Полонянин (Гончаров) - страница 120

Ни свет ни заря прискакал в становище уличанин. Одвуконь примчался. На втором коне мужик связанный лежал, мычал заткнутым ртом да на скаку подпрыгивал. Мимо стражников пролетел, те только рты разинули, руками замахали, вслед бросились, но остановить не успели.

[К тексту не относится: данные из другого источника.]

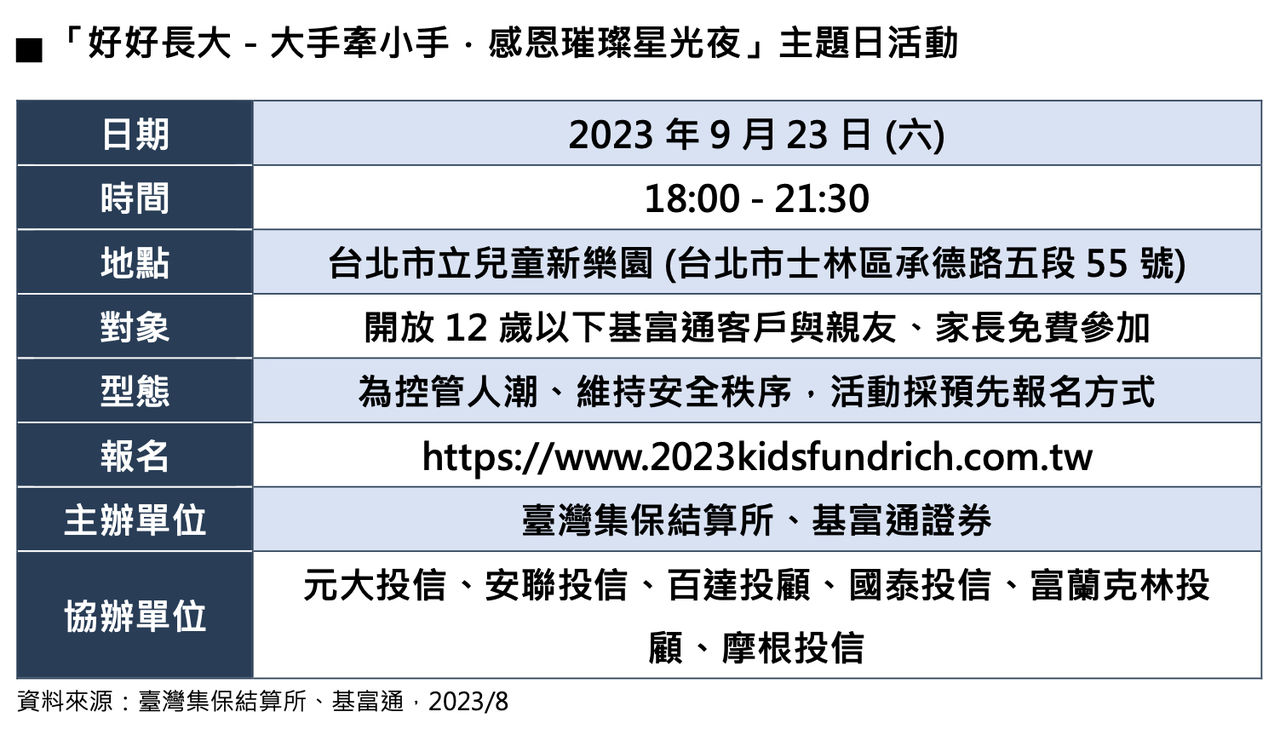 教育是孩子的未來,但如何籌措教育費用,讓許多爸媽一個頭兩個大。為解決家長困擾,臺灣集中保管結算所、基富通證券與6大基金公司,9月23日晚上將於兒童新樂園舉辦「好好長大-大手牽小手.感恩璀璨星光夜」活動,邀請全台爸媽帶著12歲以下小朋友,及家扶基金會扶助家庭,以寓教於樂方式一起公益做愛心、同樂學理財。
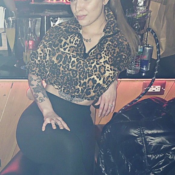 Cheetah print crop top sweatshirt with zipper medium

Да и кому под конские копыта лезть охота?

Остановился уличанин возле шатра каганова, на землю соскочил, к связанному подбежал, стащил его вниз и ну ногами пинать.

— Вот тебе, шашель! [68] — приговаривает. — Вот тебе, гнида!

На шум из шатра Святослав со Свенельдом выглянули.

— Эй, мужик, — воевода спросил и зевнул сладко, — ты чего тут шум поднимаешь?

— Ты прости, каган, — мужичок Свенельду поклонился, — что сон твой нарушил, только дело спешное у меня. — И снова принялся связанного лупцевать.

— Каган не я, — мотнул головой Свенельд, остатки сна прогоняя. — Каган вот он, — показал он на сонного Святослава.

А мальчишка скривился спросонья, губу нижнюю выпятил, стоит, глаза трет.

— Я воеводой при нем, — Свенельд снова зевнул.

— Прости, каган, — уличанин Святославу поклонился. — Не признал тебя сразу. — И опять за свое.

Замычал связанный, извиваться начал, точно стараясь из пут вырваться. Какое там! Крепко веревка руки-ноги стянула, кляп во рту плотно сидит — так просто не выплюнуть. Только глаза связанный таращит да носом сопит. А уличанин ему с носка да под дых. Пленник от удара даже захрюкал.

— Будет тебе, — Свенельд уличанина остановил. — До смерти человека забьешь.

— Какой же это человек, — не унимается уличанин. — Собака это. Тиун печенежский.

— Пришла, значит, весна долгожданная, — сладко потянулся воевода. — Солнышко на тепло повернуло.

Окончательно проснулся Святослав. Подошел к пленнику поближе. Уж больно ему печенега разглядеть хотелось. Нагнулся он над полонянином, пригляделся: мужик как мужик, только грязный очень. Так это уличанин его в земле талой извозил.

«Вот теперь война и начнется, — подумал мальчишка. — Прав дядька. Весна пришла, ветер-то теплый».

— А ты кто таков? — спросил Свенельд уличанина.

— Мокша я, — ответил тот. — Мокшей-скотником когда-то меня народ звал. А как печенеги стадо наше на тот берег Днепра перегнали, сына убили да двух дочек в полон забрали, так я из скотников в нищеброды превратился. Больно вражинам наши коровки по нраву. У, гадина! — снова он печенега пнул. — Почитай в курене нашем одни мужики да бабки старые. И те почти все перемерли, когда мы без коровок остались. Корова — это же кормилица. А они полстада в Днепре при переправе потопили. Им-то что? Они же их не выхаживали, с теленочков не поднимали, заграбастали задарма, а дармового не жалко. Мы два лета новое стадо собирали. Собрали. А теперь, вишь, снова поборщики пришли. Последнее отобрать хотели.